Pan-Asian is a popular option for a quick meal. These places offer noodles, rice, sushi, etc. at cheap rates, if not the greatest authenticity. Lee's Take-Away (Preyergasse 8 in the Niederdorf) offers stand-up eating of excellent food in large portions with a special student dishes under 10CHF. Ah-Hua (Ankerstrasse 110, next to Helvetiaplatz) is another option for Thai dishes to budget prices.

Italian cuisine is usually the best cheap option for a meal. These can be found anywhere in Zurich and are relatively cheap. Pizzeria Molino (Limmatquai 16, near Stauffacher) offers pizzas and pastas in a relaxed environment.

Turkish fast food restaurants offer delicious, cheap options like falafal, humus, and salads. These are a great find for vegetarians.

Grocery stores like Migros and Coop offer great ingredients for a perfect picnic or a quick bite. Freshly baked bread, cheese, ham and fresh fruit are all available. Migros Gourmessa is the "gourmet" take away counter, available in larger Migros stores. Note: the Migros branch in the main station is open on Sundays when most other stores are closed, and also until 9PM on weekdays, whereas the Coop Bahnhofbrucke is open 7 AM to 10 PM every day except Sunday.


From gourmet to traditional Swiss to trendy dining spots- Zurich has it all. Zurich's tourist site offers comprehensive listings.

Swiss Chuchi
Located within Hotel Adler, Rosengasse 10, CH-8001 Zurich
A kitchy Swiss restaurant that caters mostly to tourists. If you have to have fondue in the summer, this is the place to go.

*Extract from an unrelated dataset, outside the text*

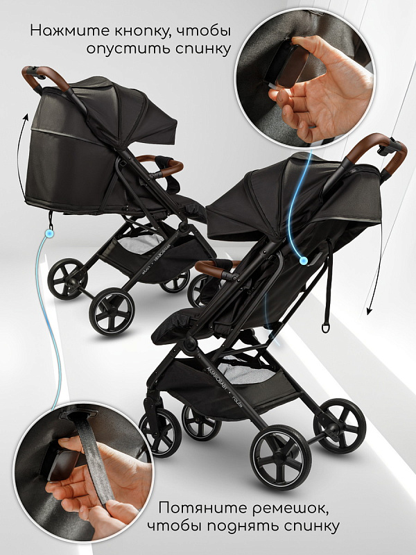 Спинка легко регулируется в свободное положение, что позволяет ребенку сидеть или лежать с оптимальным комфортом. Ткань коляски также можно снять и постирать, что обеспечивает ее долговечность и чистоту.
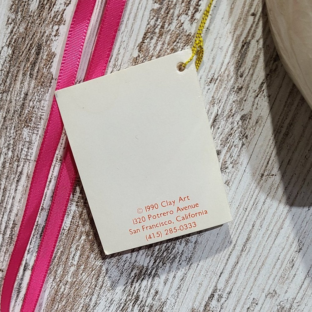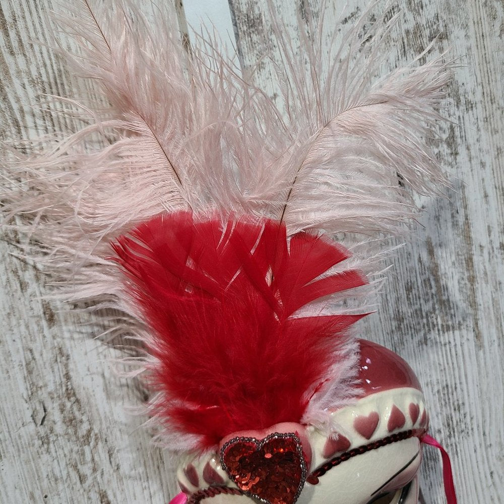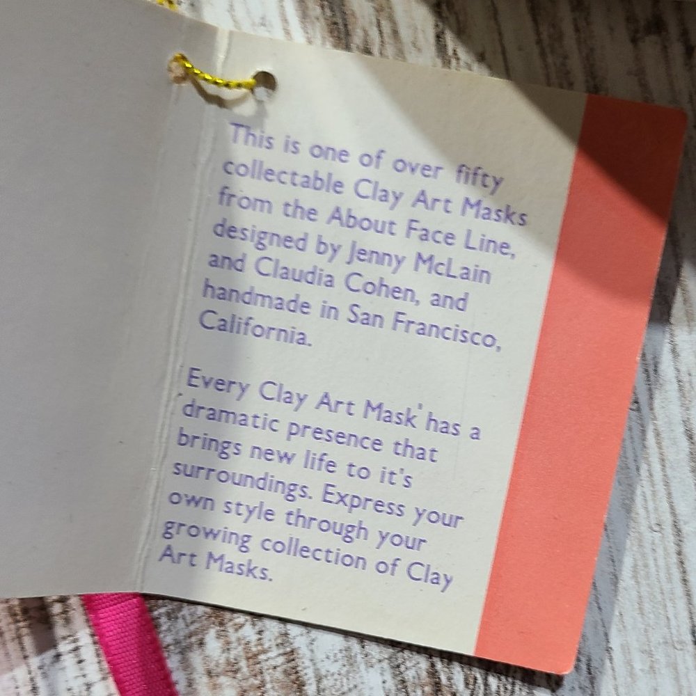 This valentine themed mask portrays a woman's face wearing a feathered headpiece. This is one of over fifty collectable Clay Art Masks from the About Face Line, designed by Jenny McLain and Claudia Cohen, and handmade in San Francisco, California in 1990. The dimensions for the entire mask, including the hanging ribbons and feathers are 7in. x 22in. x 4in. The dimensions of the clay mask itself, not including the hanging ribbons or feathers, are 7in. x 8in. x 4in. It weighs 10.5 oz. **Brand new, with tags, display model, not in original box or packaging. 100% authenticity guaranteed backed by our full reimbursement policy**

Bahnhofstrasse 28a (near Paradeplatz)
Offers hearty sausages, stews, rosti in a Brauhaus-like setting. Good food and large portions in a historical building, built in 1487.

Rindermarkt 12.
This restaurant with the name "Apple Chamber" is unusual in it's challenge. If you succeed in climbing over the roof beams, you get a free glass of wine and can mark your name into the wood.

Les Halles
Pfingstweidstr 6
This restaurant was converted from an old Peugeot garage and serves organic fare (Sfr21 for pasta). White-aproned waiters serve rosti (Sfr25.50) under a frescoed ceiling.

Sprungli Paradeplatz
The flagship store of the Sprungli confectionery store chain, this beautiful turn-of-the-century upstairs dining room is popular for breakfast, lunch and afternoon tea. Gorgeous display cases are filled with cakes, tarts, open-face and regular sandwiches.

Widder Hotel
Rennweg 7
High-class dining within the famous Widder Hotel. Trendy bar, piano music, red leather decor, and halogen lighting adds to the experience. Mains 20-50CHF.

Le Dezaley
Romergasse 7
Traditional French-Swiss food from the French-speaking Kanton Waadt. One of many fondue restaurants in Zurich. Mains 25-40CHF.

Mesa Restaurant
Weinbergstr. 75
This restaurant has earned 17 points from Guide Gault Millau and one star from Guide Michelin. A traditional kitchen, it is one of the best restaurants in Zurich.

Ramistrasse 4 (at Bellevue)
This is the city's most famous restaurant. Good Swiss food is complimented by the opportunity to dine among original artwork by famous Swiss and European artists (who payed in paintings instead of money). Stylish dress is expected. Mains 30-65CHF.